About this exercise >>
In your copy of the data, keep every word exact and include no pictures.

Data extract >>
*****
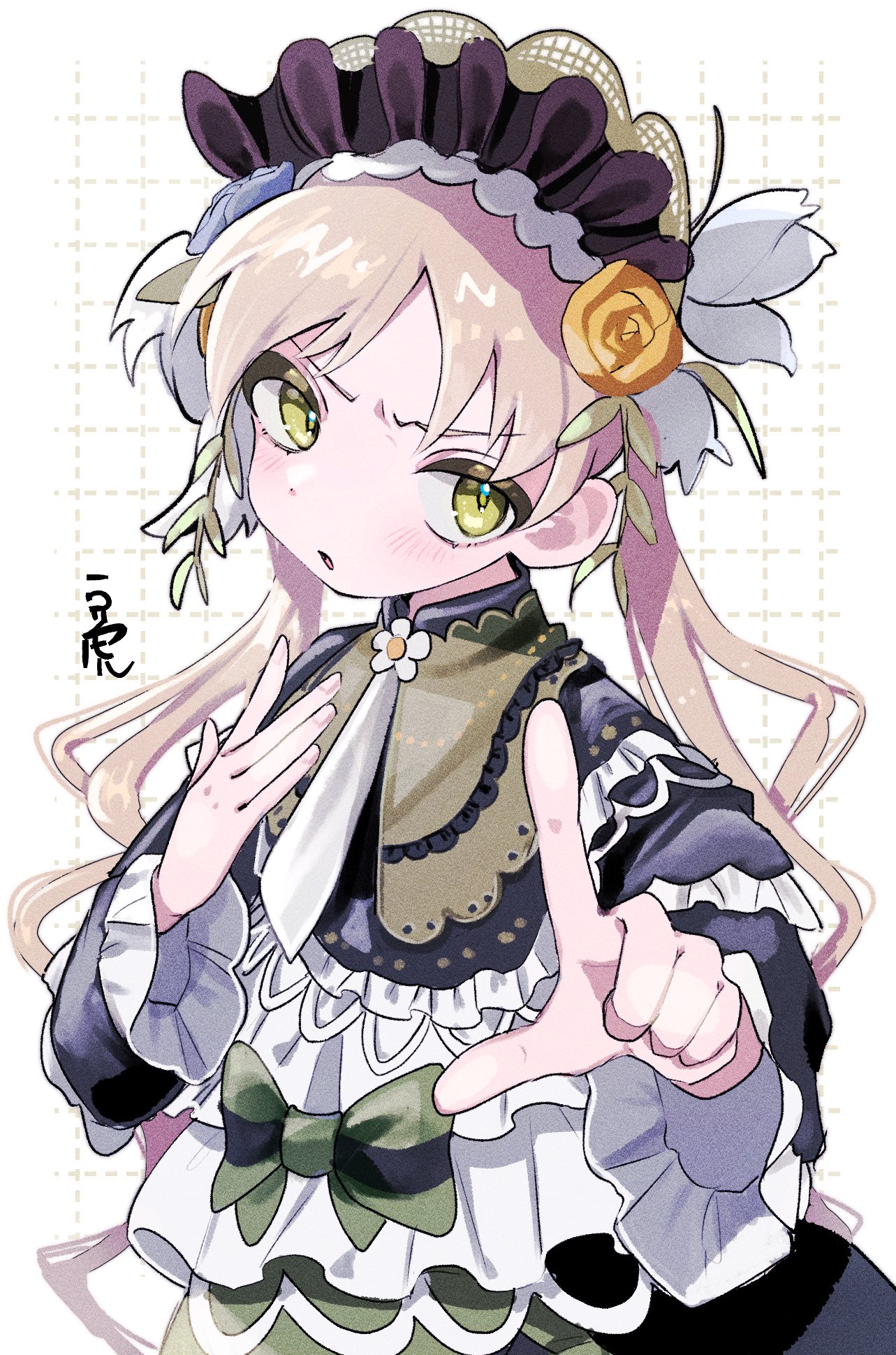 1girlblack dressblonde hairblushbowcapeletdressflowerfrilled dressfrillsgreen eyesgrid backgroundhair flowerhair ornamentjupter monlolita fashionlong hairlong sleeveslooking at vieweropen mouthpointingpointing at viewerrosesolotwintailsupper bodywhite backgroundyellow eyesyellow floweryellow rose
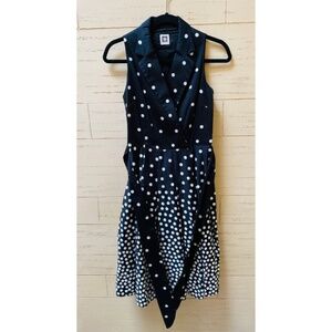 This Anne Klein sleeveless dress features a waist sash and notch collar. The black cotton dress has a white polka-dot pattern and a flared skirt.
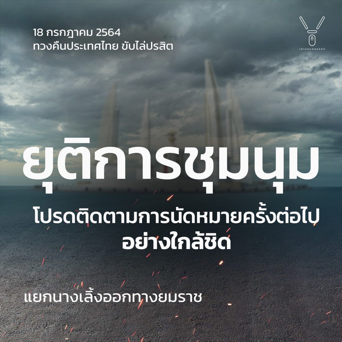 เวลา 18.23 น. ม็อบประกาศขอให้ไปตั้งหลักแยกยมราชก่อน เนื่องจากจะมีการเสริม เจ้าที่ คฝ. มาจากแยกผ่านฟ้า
*****
Solution for this task >>
 1girlblack dressblonde hairblushbowcapeletdressflowerfrilled dressfrillsgreen eyesgrid backgroundhair flowerhair ornamentjupter monlolita fashionlong hairlong sleeveslooking at vieweropen mouthpointingpointing at viewerrosesolotwintailsupper bodywhite backgroundyellow eyesyellow floweryellow rose
 This Anne Klein sleeveless dress features a waist sash and notch collar. The black cotton dress has a white polka-dot pattern and a flared skirt.
 เวลา 18.23 น. ม็อบประกาศขอให้ไปตั้งหลักแยกยมราชก่อน เนื่องจากจะมีการเสริม เจ้าที่ คฝ. มาจากแยกผ่านฟ้า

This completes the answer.